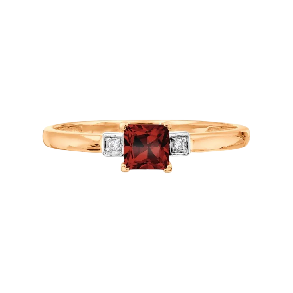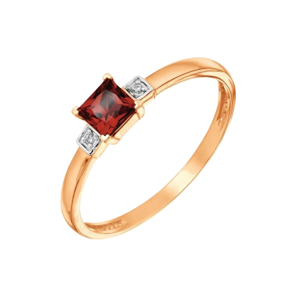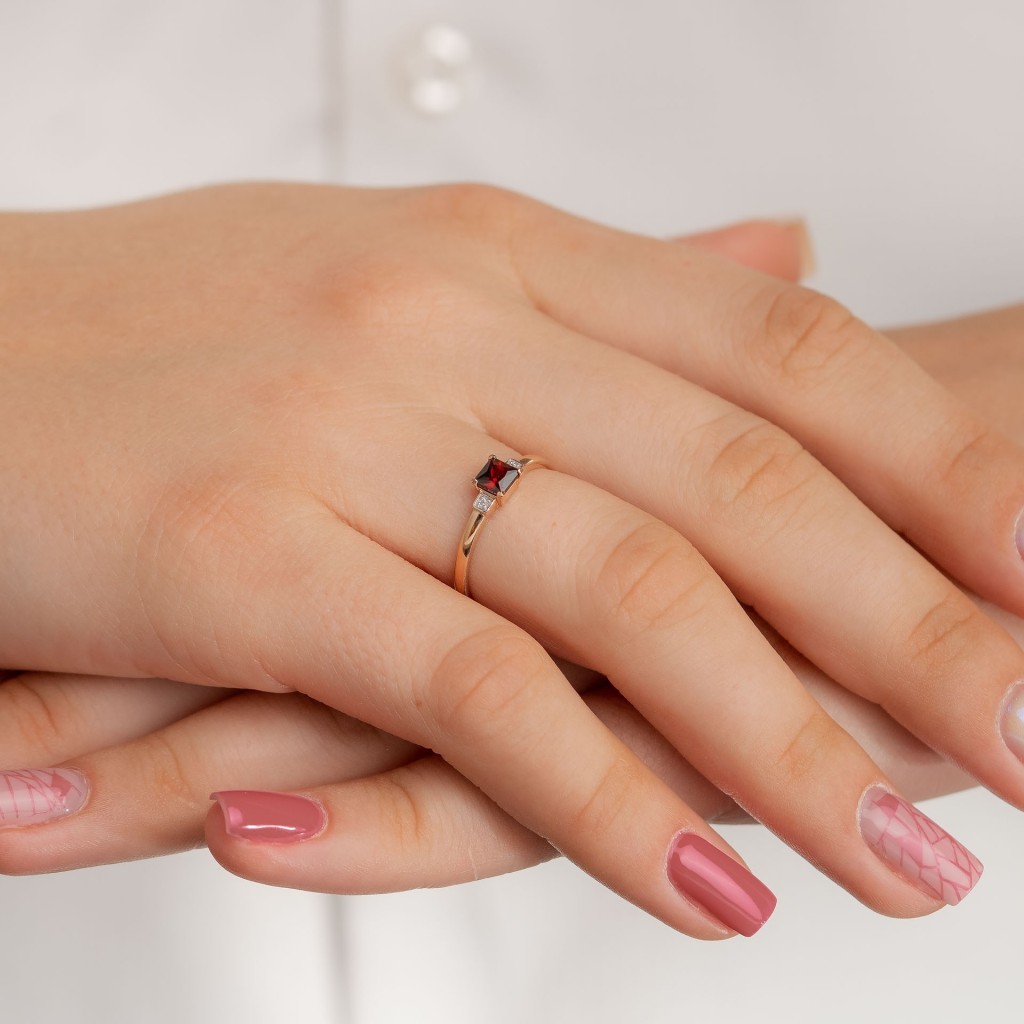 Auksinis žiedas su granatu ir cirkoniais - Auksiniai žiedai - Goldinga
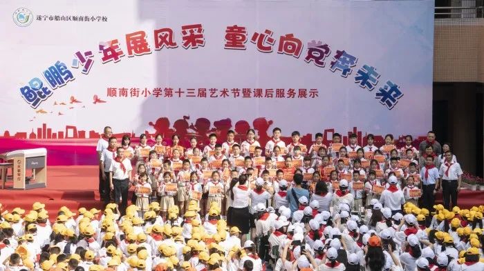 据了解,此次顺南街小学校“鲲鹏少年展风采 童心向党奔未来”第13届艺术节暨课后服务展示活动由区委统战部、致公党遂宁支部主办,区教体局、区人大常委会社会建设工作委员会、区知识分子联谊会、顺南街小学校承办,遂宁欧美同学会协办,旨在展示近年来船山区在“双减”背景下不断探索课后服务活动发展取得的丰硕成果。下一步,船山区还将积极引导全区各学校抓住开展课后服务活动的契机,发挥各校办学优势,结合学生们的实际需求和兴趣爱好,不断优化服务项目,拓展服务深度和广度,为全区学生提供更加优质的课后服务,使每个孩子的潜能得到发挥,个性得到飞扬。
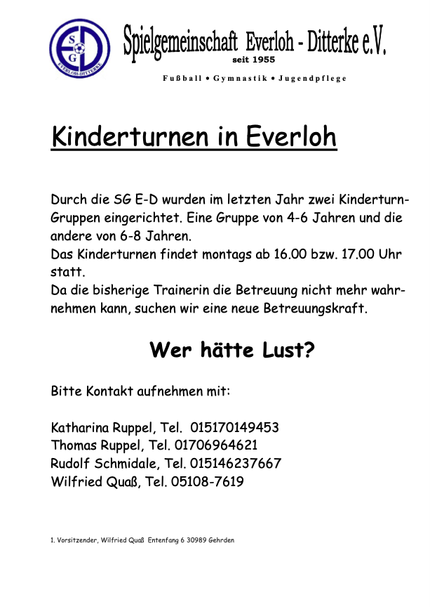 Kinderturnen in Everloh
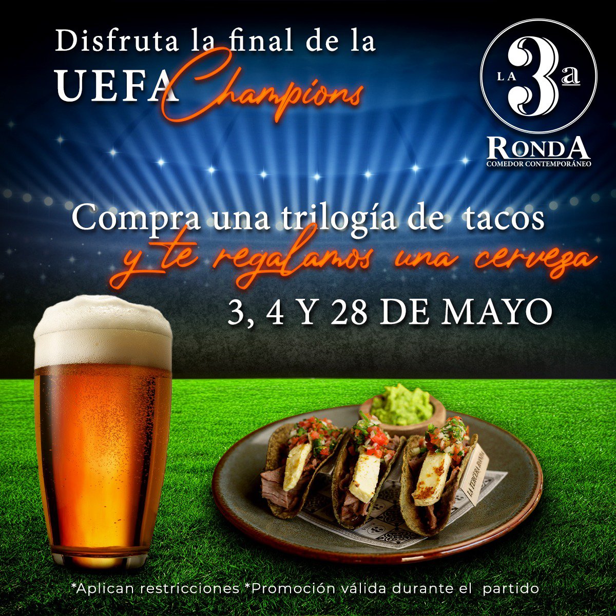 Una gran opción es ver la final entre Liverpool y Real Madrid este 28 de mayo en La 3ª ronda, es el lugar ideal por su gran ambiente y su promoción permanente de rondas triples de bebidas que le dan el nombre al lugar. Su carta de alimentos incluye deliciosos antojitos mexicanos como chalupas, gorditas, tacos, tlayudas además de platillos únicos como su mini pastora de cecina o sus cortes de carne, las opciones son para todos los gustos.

» YOUR OBJECTIVE: Return the listing exactly as it appears, excluding any image.

» RESULT:
 Auksinis žiedas su granatu ir cirkoniais - Auksiniai žiedai - Goldinga
 据了解,此次顺南街小学校“鲲鹏少年展风采 童心向党奔未来”第13届艺术节暨课后服务展示活动由区委统战部、致公党遂宁支部主办,区教体局、区人大常委会社会建设工作委员会、区知识分子联谊会、顺南街小学校承办,遂宁欧美同学会协办,旨在展示近年来船山区在“双减”背景下不断探索课后服务活动发展取得的丰硕成果。下一步,船山区还将积极引导全区各学校抓住开展课后服务活动的契机,发挥各校办学优势,结合学生们的实际需求和兴趣爱好,不断优化服务项目,拓展服务深度和广度,为全区学生提供更加优质的课后服务,使每个孩子的潜能得到发挥,个性得到飞扬。
 Kinderturnen in Everloh
 Una gran opción es ver la final entre Liverpool y Real Madrid este 28 de mayo en La 3ª ronda, es el lugar ideal por su gran ambiente y su promoción permanente de rondas triples de bebidas que le dan el nombre al lugar. Su carta de alimentos incluye deliciosos antojitos mexicanos como chalupas, gorditas, tacos, tlayudas además de platillos únicos como su mini pastora de cecina o sus cortes de carne, las opciones son para todos los gustos.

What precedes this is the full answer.